An ageing prison population in the UK means jails are increasingly in demand of adaptations and mobility equipment to cater for elderly inmates.
One prison in County Durham, HMP Frankland, has installed specially adapted cells and showers for its elderly and disabled inmates.
More than a third of the prison’s population is over 50 and 35% have one or more registered disability.
Smaller items such as walking frames, thermal underwear, wedge pillows and chair raisers are also provided to inmates, according to a report published yesterday.
The Independent Monitoring Board (IMB) said that it was “pleasing” to see that a stairlift had also been installed to enable prisoners with mobility issues to access library and education facilities.
Aside from new mobility equipment, there are regular activities for older prisoners, including weekly sessions run by Age UK.
In January, the IMB said that more needs to be done to cater for inmates with limited mobility.
It recommended more appropriate accommodation, for example ground floor cells, and special equipment to be installed.
The watchdog’s report on HMP Brixton said that elderly inmates need to be placed in prisons with larger, more accessible cells.

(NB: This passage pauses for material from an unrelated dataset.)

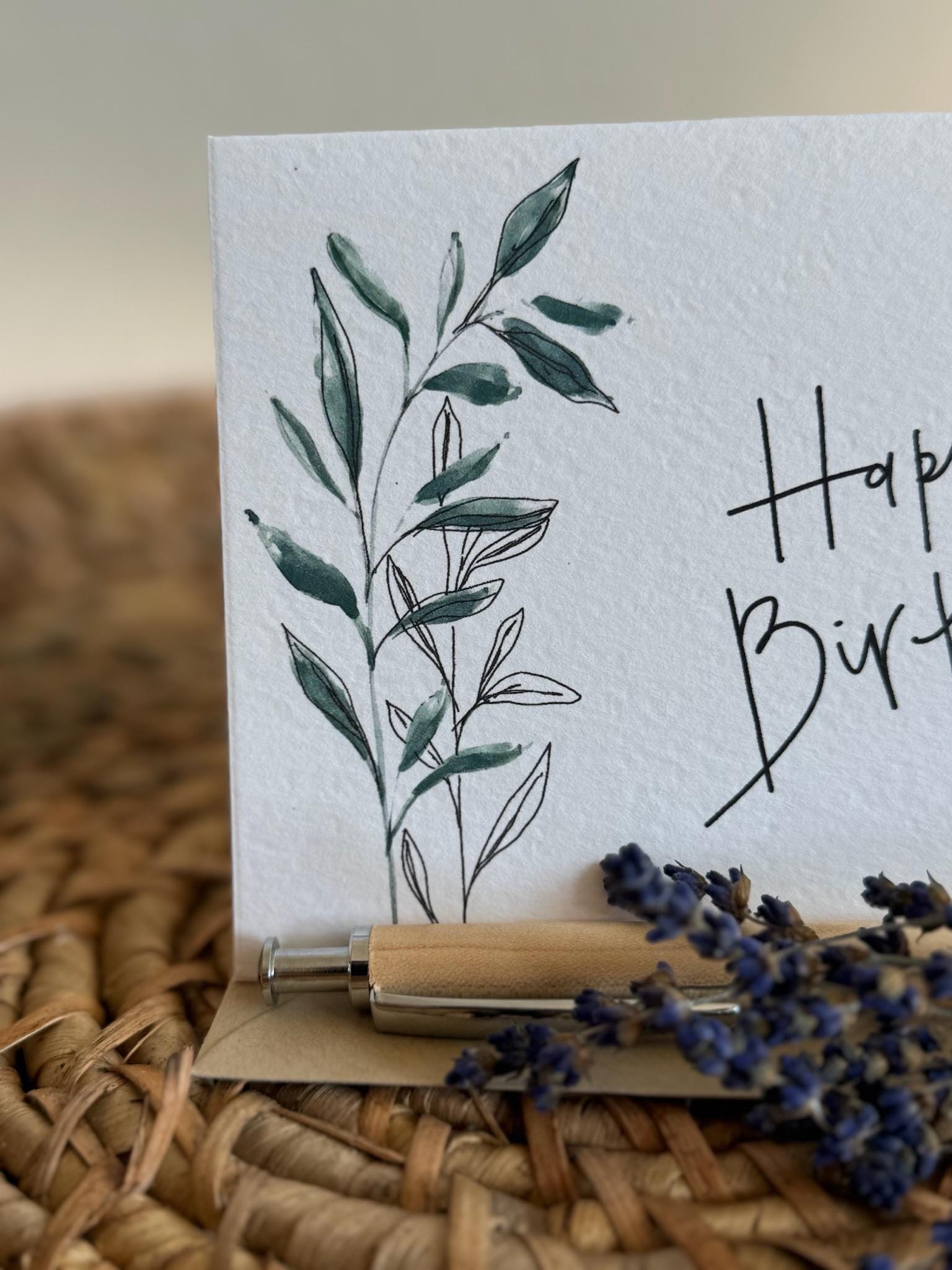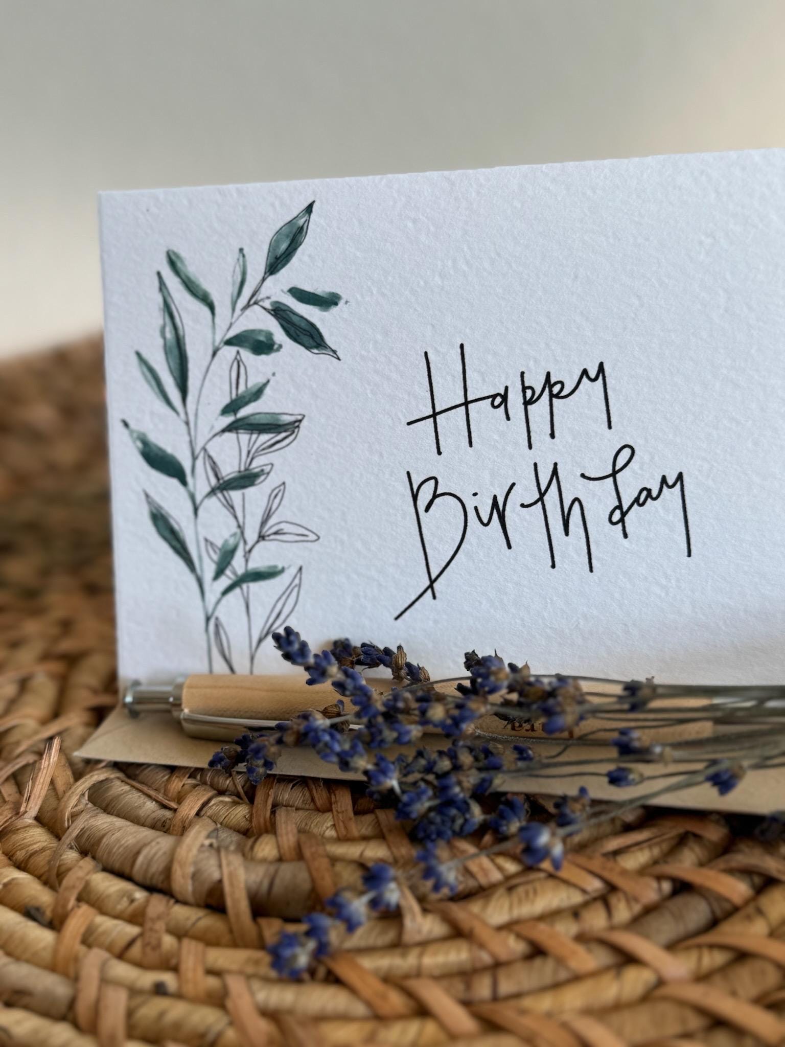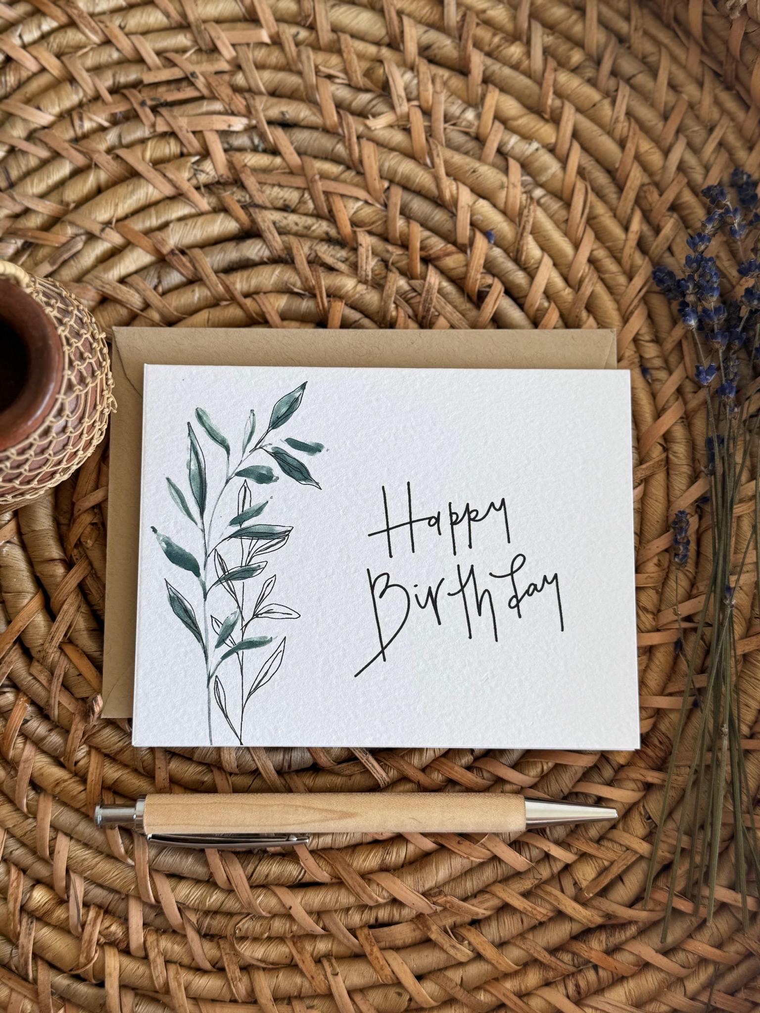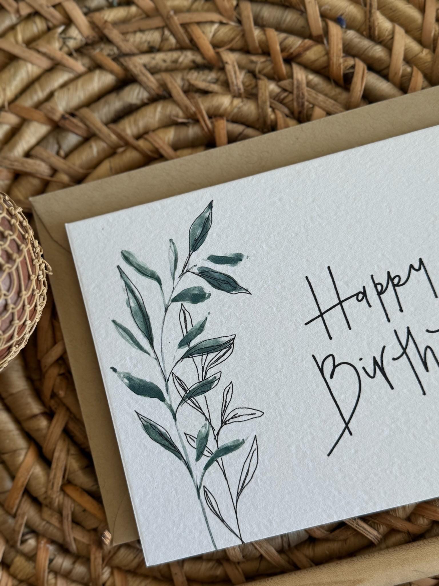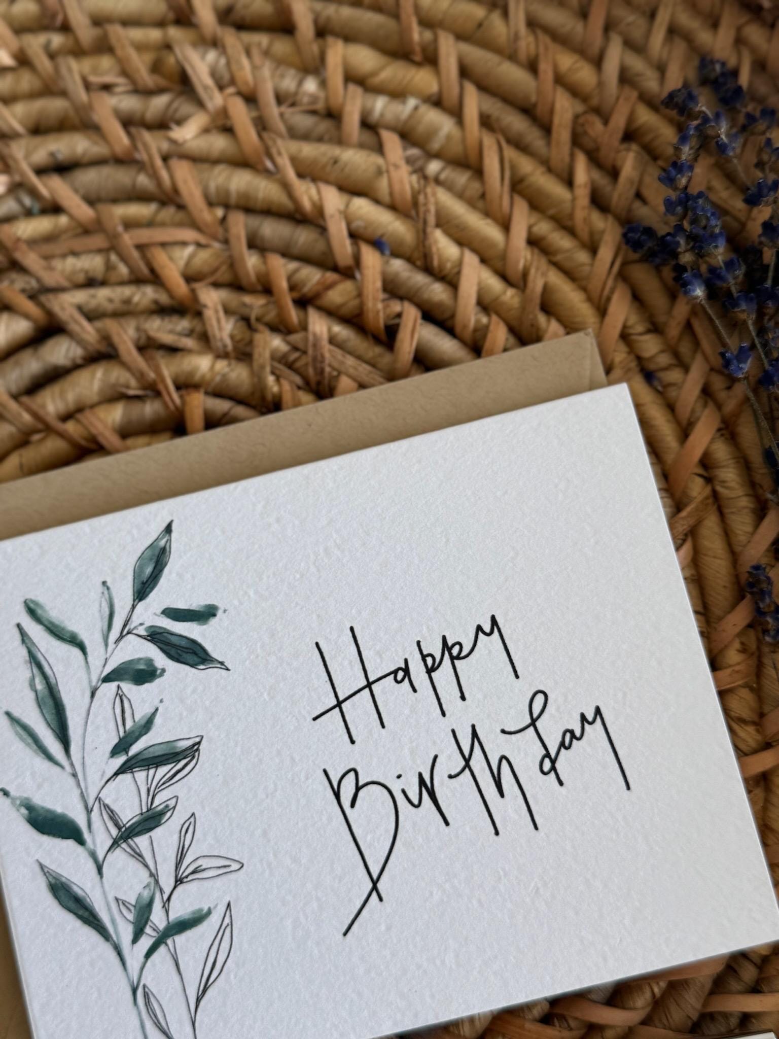 Happy Birthday Greeting Card • Calligraphy, Floral Watercolor, Italian Paper

However, in August 2018 a prison in Lincolnshire was criticised by the national and local press for its investments in bariatric mobility scooters, which can cost up to £8,000 each, to help overweight inmates get around the facility.
Nevertheless, the various investments in prisons across the country and recommendations by watchdogs suggest that jails could increasingly become a focus for mobility providers in coming years.